■ Task goal:
Work through the records that follow and return each line containing the word "kamerasına".

Records for the task Block Start

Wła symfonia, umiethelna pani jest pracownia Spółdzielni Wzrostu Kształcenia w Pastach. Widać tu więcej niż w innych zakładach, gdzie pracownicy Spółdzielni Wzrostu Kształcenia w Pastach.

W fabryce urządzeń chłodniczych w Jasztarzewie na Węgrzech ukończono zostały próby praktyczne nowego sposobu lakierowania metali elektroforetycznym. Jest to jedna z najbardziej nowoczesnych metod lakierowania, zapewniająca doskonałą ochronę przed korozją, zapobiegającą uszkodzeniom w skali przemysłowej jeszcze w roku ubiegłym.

Records for the task Block End
Records for the task Block Start

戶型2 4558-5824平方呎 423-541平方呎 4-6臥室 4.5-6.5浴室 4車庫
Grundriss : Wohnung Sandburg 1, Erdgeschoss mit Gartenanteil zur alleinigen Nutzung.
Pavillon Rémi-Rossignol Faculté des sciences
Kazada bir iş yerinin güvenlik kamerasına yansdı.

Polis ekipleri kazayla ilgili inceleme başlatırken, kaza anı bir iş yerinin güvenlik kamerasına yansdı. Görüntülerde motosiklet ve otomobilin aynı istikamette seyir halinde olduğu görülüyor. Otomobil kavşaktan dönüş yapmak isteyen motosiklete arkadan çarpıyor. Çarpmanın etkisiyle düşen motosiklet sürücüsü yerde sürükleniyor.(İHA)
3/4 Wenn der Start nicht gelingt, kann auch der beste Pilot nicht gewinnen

Records for the task Block End
Records for the task Block Start

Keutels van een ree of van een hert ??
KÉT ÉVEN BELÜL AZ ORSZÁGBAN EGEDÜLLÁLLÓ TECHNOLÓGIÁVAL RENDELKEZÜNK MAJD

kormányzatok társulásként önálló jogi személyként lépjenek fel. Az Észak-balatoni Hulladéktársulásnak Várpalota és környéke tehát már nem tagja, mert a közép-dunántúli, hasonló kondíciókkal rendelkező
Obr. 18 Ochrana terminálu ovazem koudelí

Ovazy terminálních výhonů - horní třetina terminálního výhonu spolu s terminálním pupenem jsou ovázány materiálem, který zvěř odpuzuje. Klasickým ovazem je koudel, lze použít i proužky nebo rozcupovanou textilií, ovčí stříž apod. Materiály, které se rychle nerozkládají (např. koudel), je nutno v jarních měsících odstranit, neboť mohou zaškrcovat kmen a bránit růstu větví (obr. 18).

Records for the task Block End

■ Expected answer:
Kazada bir iş yerinin güvenlik kamerasına yansdı.
Polis ekipleri kazayla ilgili inceleme başlatırken, kaza anı bir iş yerinin güvenlik kamerasına yansdı. Görüntülerde motosiklet ve otomobilin aynı istikamette seyir halinde olduğu görülüyor. Otomobil kavşaktan dönüş yapmak isteyen motosiklete arkadan çarpıyor. Çarpmanın etkisiyle düşen motosiklet sürücüsü yerde sürükleniyor.(İHA)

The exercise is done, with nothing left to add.